How many in singing hymns have thanked God for a salvation with their lips, which they have never believed in their hearts? Have you ever pondered the sinful inconsistency of this? But, when once we know God's forgiveness in our hearts, the Bible, which before was to us a message of condemnation and death, now breathes a spirit of reconciliation from cover to cover. And just as the man who has done no wrong is not afraid to meet a Justice of the Peace, even so, one who is reconciled to God, is not afraid of the awful hell revealed in God's holy word.
But a little child is a perfect picture of helplessness. Some referred to in the scripture we are considering were no doubt little children in the knowledge of God's word. They could not explain its far-reaching prophetic utterances, its profound doctrinal teachings, nor yet the many mysteries of life; but ignorance of all these things, and many more notwithstanding, they are assured of a present forgiveness. The blind man, in the ninth chapter of John, had questions addressed to him which he could not answer, but he was sure on one point. He said: "One thing I know that, whereas I was blind, now I see.”
Neither were those little children likely to have been adepts at walking in the ways of God. A little child learns to walk by degrees. We hear God saying of old, "I taught Ephraim to go, taking him by the arms." In Matt. 9 the man sick of the palsy heard the Savior first of all say, "Son, be of good cheer; thy sins be forgiven thee." It was after this that Jesus said, "Arise, take up thy bed, and go unto thine house." The poor prodigal returned from the far country, received the warm kiss of his father's forgiveness, before there had been time to put shoes on his feet.
Moreover, these little children could not be expected to do much in the service of God. That would no doubt fall to the "young men," or the "fathers," who were, and ought to be strong. The little children are not expected to be like David's mighty men, one of whom entered a pit and slew a lion in a time of snow. If some were unfit for Christian warfare, their sins were forgiven them for His Name's sake.
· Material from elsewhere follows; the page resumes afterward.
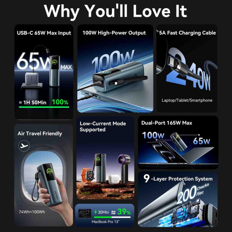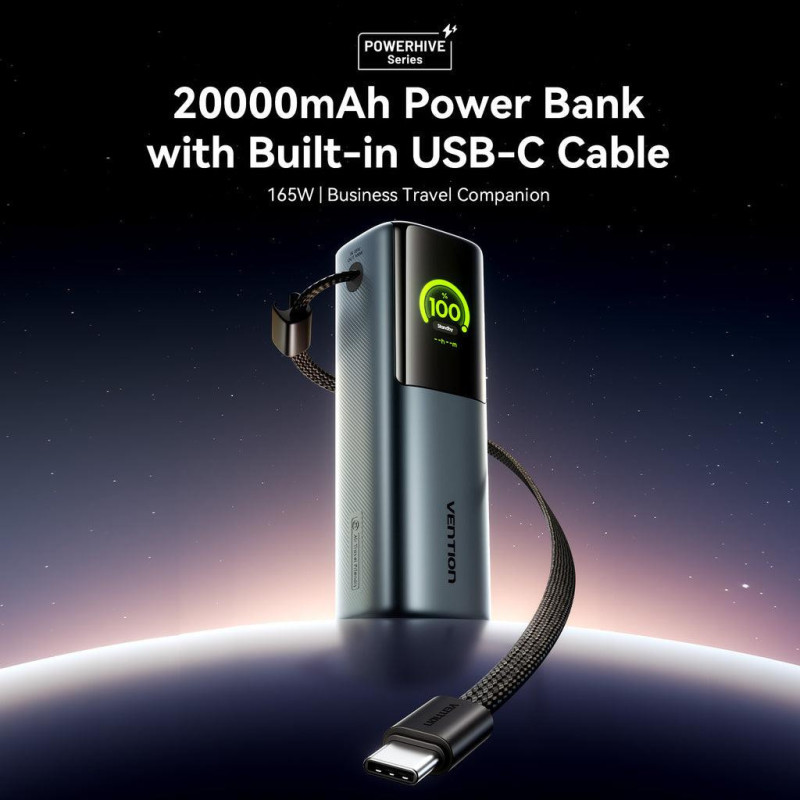 | Summary | Vention FKFH0. Battery capacity: 20000 mAh, Fast charging technology: Power Delivery 3.0, Programmable Power Supply (PPS). USB Type-A output ports: 1, USB Type-C ports quantity: 1. Total output power: 165 W, Output current: 5 A. Product colour: Grey |

God and His great love has made known a reason for forgiveness outside the sinner himself. He has provided a substitute for the lost and helpless in the gift of His own Son. When God forgives the sinner, He has before Him the great atoning work which Christ wrought in His death. God is thus righteous in forgiving sins and in justifying the ungodly. Hence we read that "we are justified freely by his grace through the redemption that is in Christ Jesus; whom. God hath set forth to be a propitiation through faith in his blood. "We also read," Through this man is preached unto you the forgiveness of sins, and by him all that believe are justified from all things.”
Reader I will you not be one of the "all that believe?" And thus to-day be entitled, with us, to "joy in God through our Lord Jesus Christ, by whom we have now received the reconciliation?”